Eu estava prestes a verificar o escritório quando os avistei. Eles estavam amontoados em torno de algo brilhante, mastigando com determinação.

— É tão duro!

— Mamãe disse que mastigar coisas duras é bom para os nossos dentes...

Foi então que percebi o que estavam destruindo. Era o diamante premiado da família de Ethan, geralmente mantido sob segurança em uma vitrine no escritório. Nem o mordomo ousaria encostar o dedo nele, mas lá estava ele, coberto de saliva e arranhões!

Eu tinha acabado de conseguir tirar o diamante deles quando uma voz me gelou o sangue.

— Chloe, o que diabos você está fazendo no escritório do Ethan?

Virei-me, com o coração a mil. Ethan estava em casa, e com ele estava Wendy Lewis, uma mulher focada em ser a próxima rainha da família Gibson. Ela era do tipo que desprezava qualquer um e não estava acima de truques sujos, como daquela vez em que empurrou uma mulher grávida escada abaixo.

Os olhos de Wendy fixaram-se no diamante e brilharam com uma mistura de malícia e deleite.

— Oh, meu Deus! Esse é o tesouro mais precioso do Ethan! Você teve a audácia de pegá-lo e arranhá-lo todo!

Ethan apenas encarava o diamante, seu silêncio pesado com ameaças implícitas.

Eu mal conseguia respirar. Curvei-me repetidamente, gaguejando pedidos de desculpas. — Sr. Gibson, sinto muito! Foi um acidente... eu não tive a intenção de arruinar o diamante...

No meu pânico, movi-me demais e a almofada que eu enfiara sob a blusa escolheu aquele momento para cair no chão com um baque surdo. Sob a mesa ao meu lado, um trio de cabeças peludas de cachorros emergiu.

O quarto ficou estranhamente silencioso.

Olhei para a almofada no chão. Depois, olhei para a minha barriga, agora inequivocamente plana.

Isso era ruim. Muito ruim.

Wendy, inicialmente surpresa, de repente explodiu em uma risada alta e zombeteira. — Você nem grávida está! Está fingindo uma gravidez e ainda tem a ousadia de deixar esses vira-latas estragarem a posse mais valiosa do Ethan!

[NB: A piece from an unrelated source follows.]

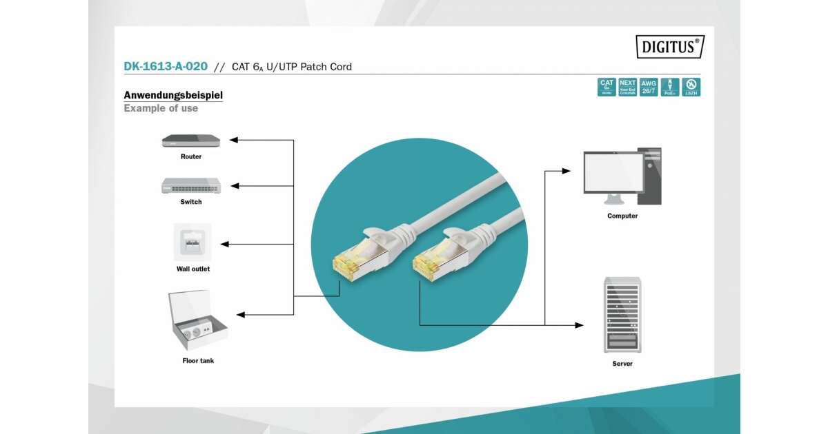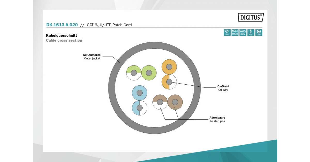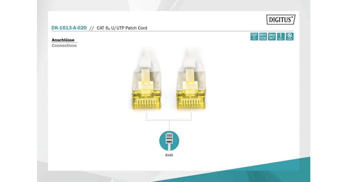 Cablu UTP Patch Cord UTP , Cat.6A, 2m, DK-1613-A-020 DIGITUS (DK-1613-A-020) (DK-1613-A-020) Descriere
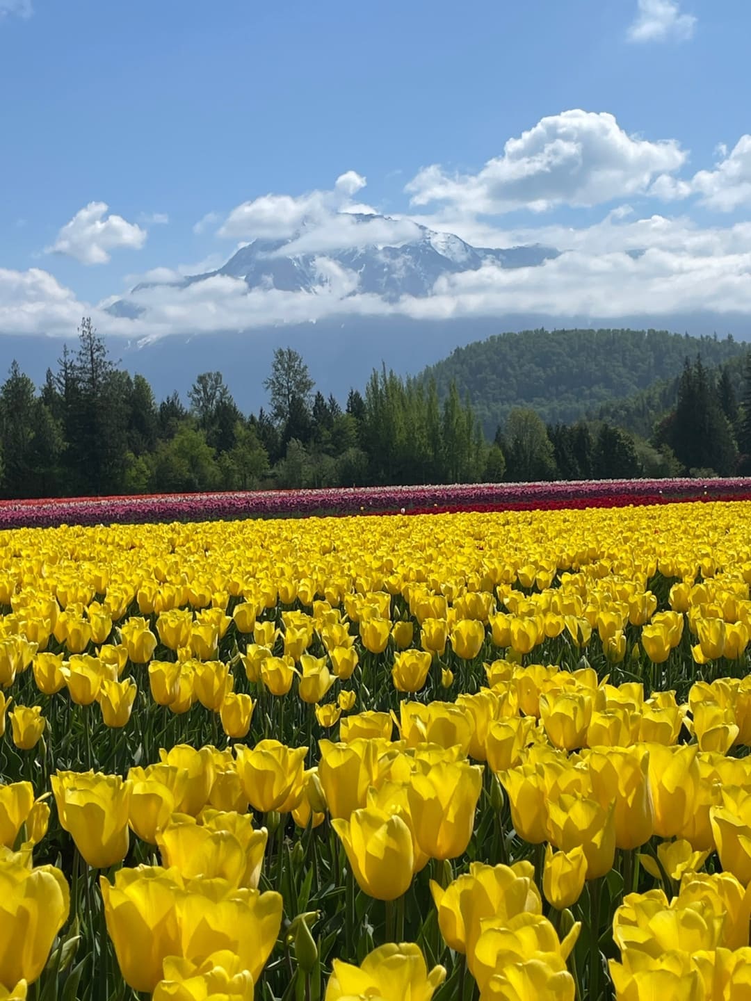 튤립을 배경으로 뒤에 설산이 펼쳐진 거예요🏔️

Ela se virou, sua voz afiada e cortante: — Peguem-na! E peguem esses vira-latas também. Arrastem-nos e joguem-nos no oceano!

O guarda-costas avançou sobre mim em um instante, torcendo meus braços atrás das costas. Fechei os olhos com força, esperando pelo fim.

— Esperem. — A voz de Ethan cortou a tensão.

Todos congelaram. Ele não estava olhando para mim. Também não olhava para Wendy. Seus olhos estavam nos três filhotes, que rosnavam para ele. Ray até conseguiu latir em desafio para Ethan: — Au!

Uma centelha de esperança surgiu em mim. Em seu ato final, meus pequenos lembraram-se das minhas instruções e "atuaram o papel".

A expressão de Ethan tornou-se indecifrável. Ele parecia chocado, mas era como se estivesse juntando as peças de um quebra-cabeça.

Enquanto meu destino parecia selado, Ethan abaixou-se para pegar o diamante. Então, ele deu um tapinha casual na cabeça de cada um dos filhotes, como se fosse um detalhe sem importância.

— Esse latido foi horrível. Não deixe que aconteça uma próxima vez.

Com isso, ele se afastou. Wendy ficou parada ali, com o rosto paralisado em descrença.